» Entries provided:
========================================================================

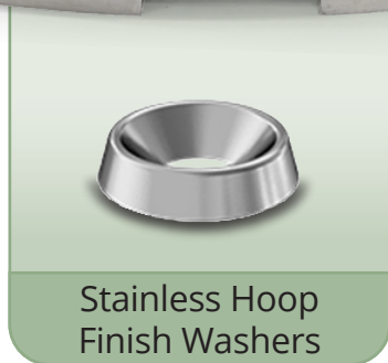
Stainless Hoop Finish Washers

========================================================================

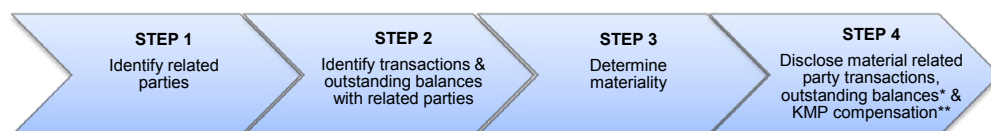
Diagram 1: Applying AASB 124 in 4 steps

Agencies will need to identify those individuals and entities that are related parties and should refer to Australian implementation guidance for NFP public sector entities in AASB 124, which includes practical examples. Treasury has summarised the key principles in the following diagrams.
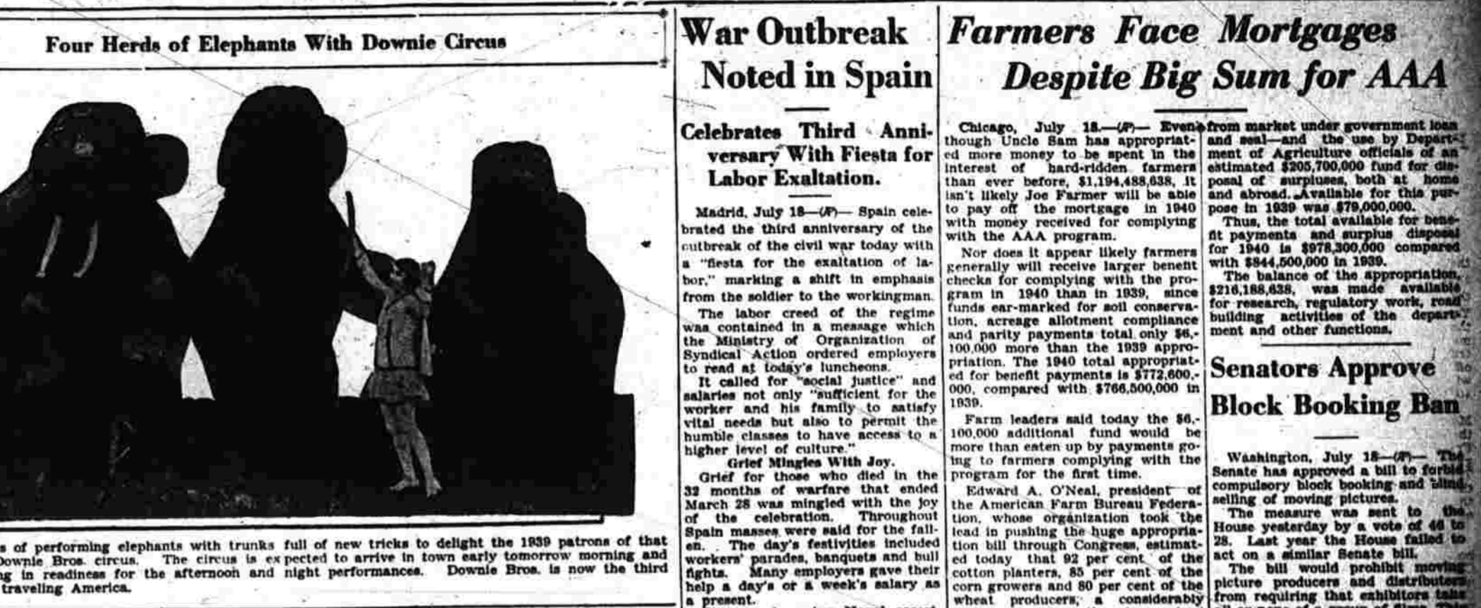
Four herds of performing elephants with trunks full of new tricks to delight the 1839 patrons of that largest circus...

========================================================================

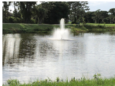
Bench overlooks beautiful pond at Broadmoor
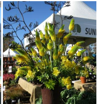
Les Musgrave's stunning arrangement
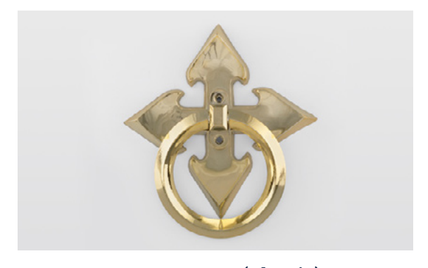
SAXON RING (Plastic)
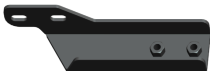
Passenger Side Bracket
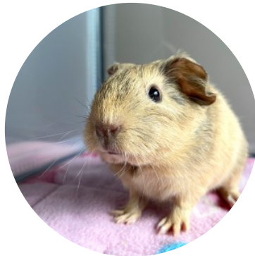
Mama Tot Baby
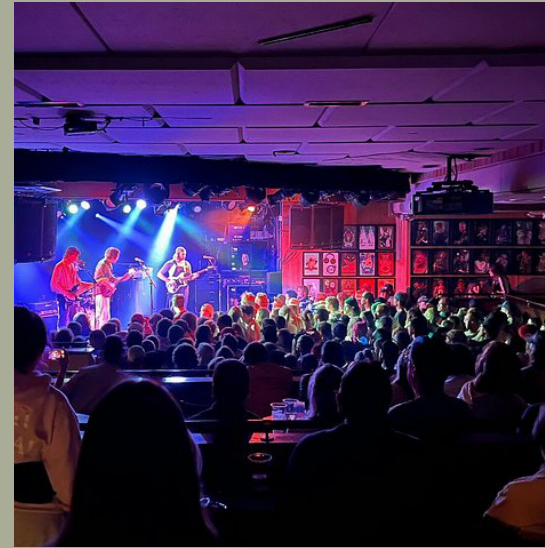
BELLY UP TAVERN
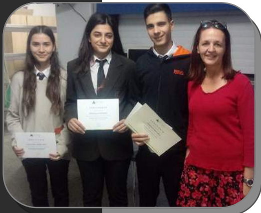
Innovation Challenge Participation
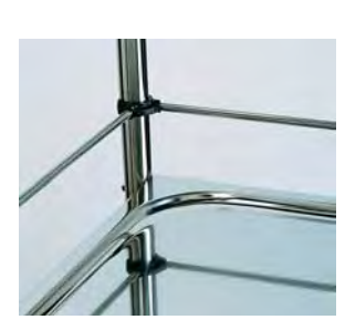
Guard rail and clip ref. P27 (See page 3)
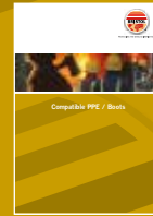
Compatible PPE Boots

========================================================================

» Directions for this task: Write back the stretch of lines above that begins with the line holding "Agencies will need" and ends with the line holding "Four herds of", both included, exactly as written. Pictures stay out.

» Exercise output:
Agencies will need to identify those individuals and entities that are related parties and should refer to Australian implementation guidance for NFP public sector entities in AASB 124, which includes practical examples. Treasury has summarised the key principles in the following diagrams.
Four herds of performing elephants with trunks full of new tricks to delight the 1839 patrons of that largest circus...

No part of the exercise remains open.